Interactive War of 1812 Clothing!

(This Post is a class requirement for History 9832b Interactive Exhibit Design)

Photo from the Toronto Star - Thurs, Dec 8, 2011 - DAVID LITZ/THE CANADIAN PRESS

I’ve been thinking about the War of 1812 Bicentennial and the anticipated tourists that will descend on Niagara-on-the-Lake this coming summer.  Sure, for the kid in all of us, it’s going to be cool to watch 100’s of reenactors facing off with one another, smoke billowing, cannon’s firing, but really, we all just want to jump in and join the fray.  The next best thing is to “bump” into the wandering reenactor/characters after the battle event of the day, get an understanding of who they represent and/or the period dress they work really hard to reproduce in exact historical detail.  If you take the time to talk with the reenactors, they tend to represent someone very specific from the time frame and are quite enthusiastic about relaying any historical information about that person that they may have.

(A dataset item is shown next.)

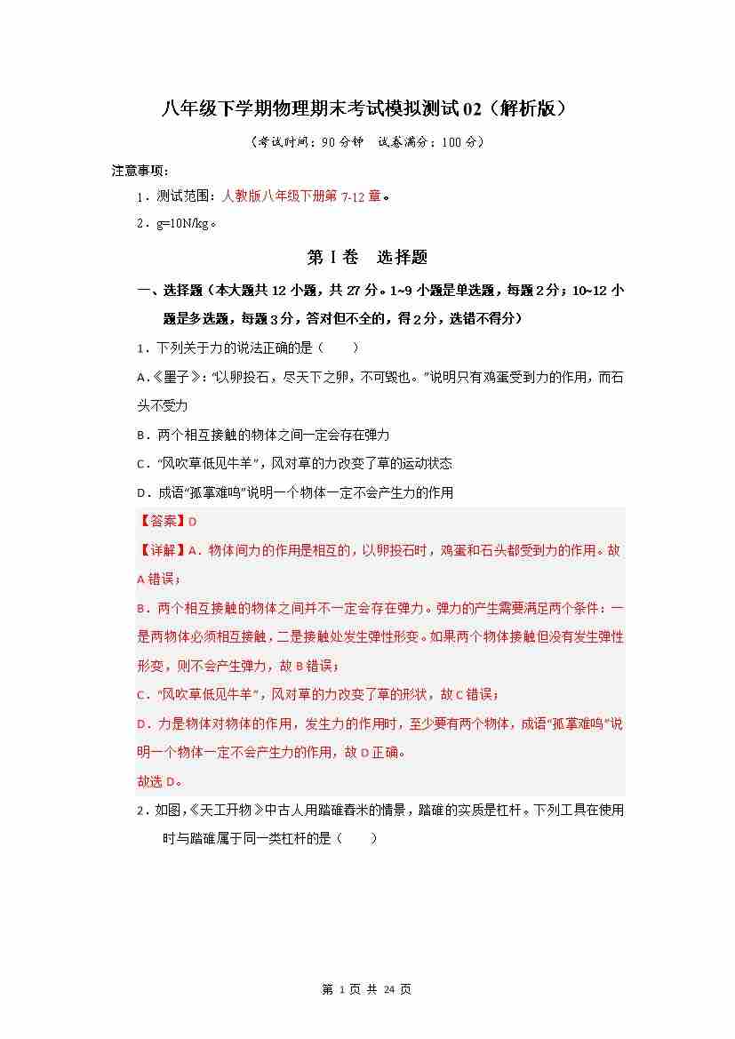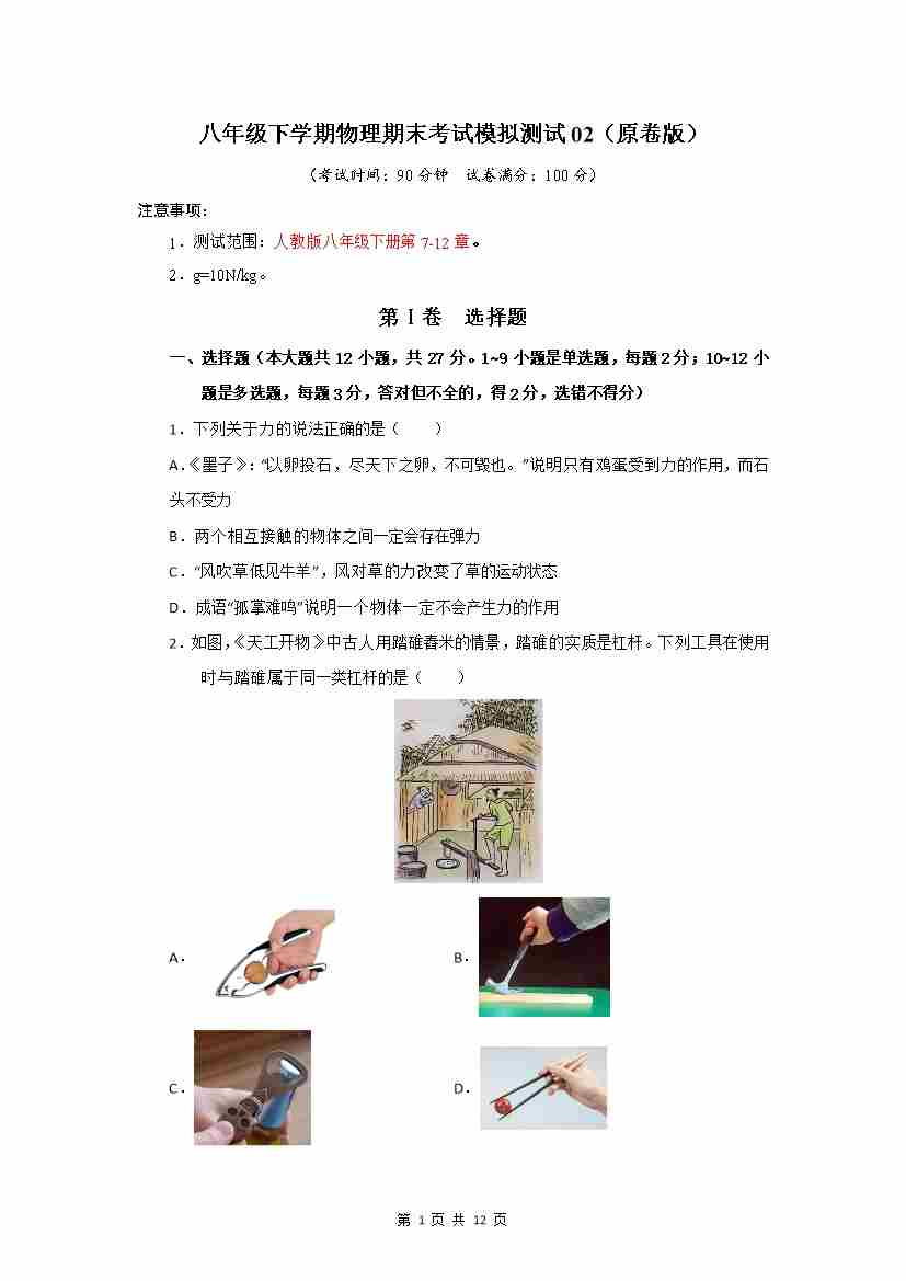 八年级下学期物理期末考试模拟测试02(原卷版)

In talking about Interactive Exhibit Design, does it have to be in a fixed place?  What if visitors could buy a t-shirt with a barcode on it that had all of the information needed to interact with the exhibits, venues and later in their own city or country?  The barcode could be easily scanned by an interactive display, then based on the historical character that is encoded in the barcode, the display would then customize the museum experience from the perspective of that historical character.  Essentially the visitor could live the historical life of a character of their choice.

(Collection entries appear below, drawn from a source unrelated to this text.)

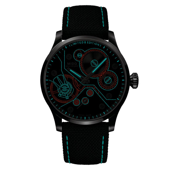 MIDO trasforma l'eccellenza orologiera in uno spettacolo di luce. Sul quadrante color antarcite del nuovo Multifort Mechanical, il Super-LumiNova® traccia la forma dei componenti del calibro sia di giorno che di notte. Capolavoro di 44 mm di diametro, questa edizione limitata celebra il 90° anniversario della collezione Multifort. Un robusto corpo in acciaio con finiture lucide e satinate ospita un fondello aperto per mostrare il suo squisito e intricato movimento meccanico svizzero, con calibro a carica manuale. Due cinturini aggiuntivi intercambiabili completano questo magnifico orologio, che diventa così un simbolo dell'esperienza di MIDO.
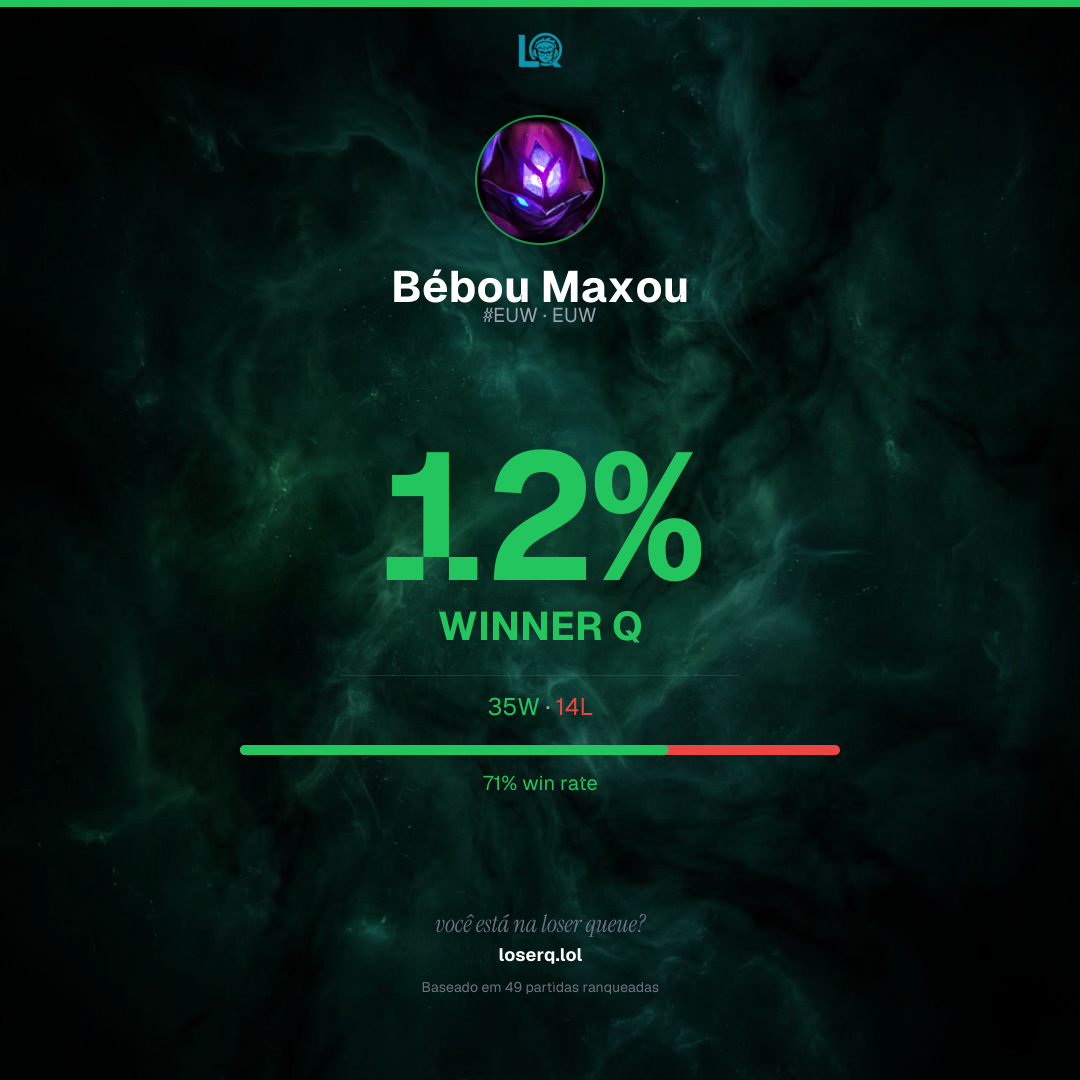 35 vitórias, 14 derrotas — 71% de win rate. Um bom desempenho.
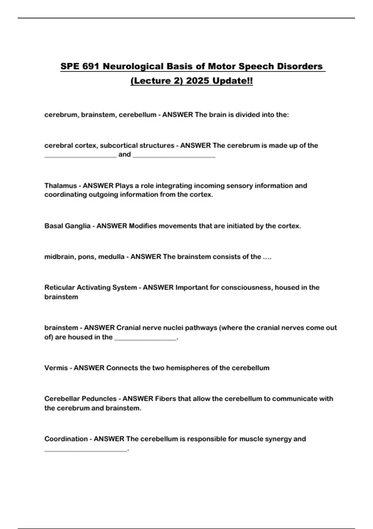SPE 691 Neurological Basis of Motor Speech Disorders (Lecture 2) 2025 Update!!...
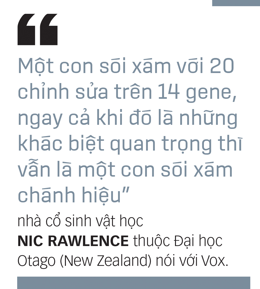 Nhưng có một lỗ hổng trong kịch bản này: sói con của Colossal không phải là loài sói dữ, mà có thể chỉ được xem là sói xám bị biến đổi gene, qua lai tạo và được thai nghén trong bụng chó nhà. Không có sự tuyệt chủng nào được đảo ngược ở đây.
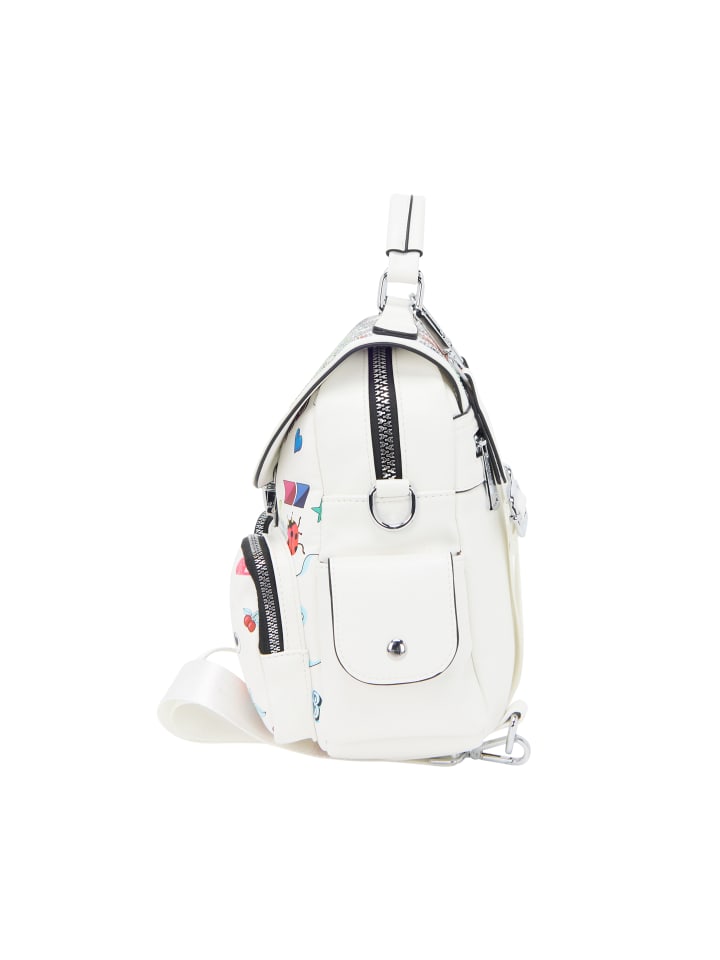 Подчеркните свой повседневный стиль с этим небольшим рюкзаком из нашей коллекции Fashion Look. Этот модный рюкзак из экокожи, украшенный игривым абстрактным узором, создан для ценителей моды, которые ценят функциональность и стиль. Верхняя ручка и регулируемые лямки рюкзака обеспечивают универсальность, а клапан с поворотным замком и застежкой-молнией обеспечивает надежный доступ к необходимым вещам. Внешние карманы на молнии добавляют удобства и современный вид, делая этот рюкзак идеальным спутником в ваших повседневных приключениях. Этот продукт входит в коллекцию Eyetheme.

Taking it up a notch, visitors wearing the barcode t-shirt could also use an App which when scanned by a smart device, would superimpose the character’s dress with the visitors head, within a historical environment.  A little like those wooden displays where you stick your head through the hole.  That App could also exchange historical information with another barcode wearing visitor, collecting historical characters both inside and outside of the venue.

Once the venue experience is over, that t-shirt travels with the visitor back home and in essence is carrying history with them, allowing non-venue visitors to also experience a little bit of the interactive history.

It’s a simple concept that I’d like to see happen!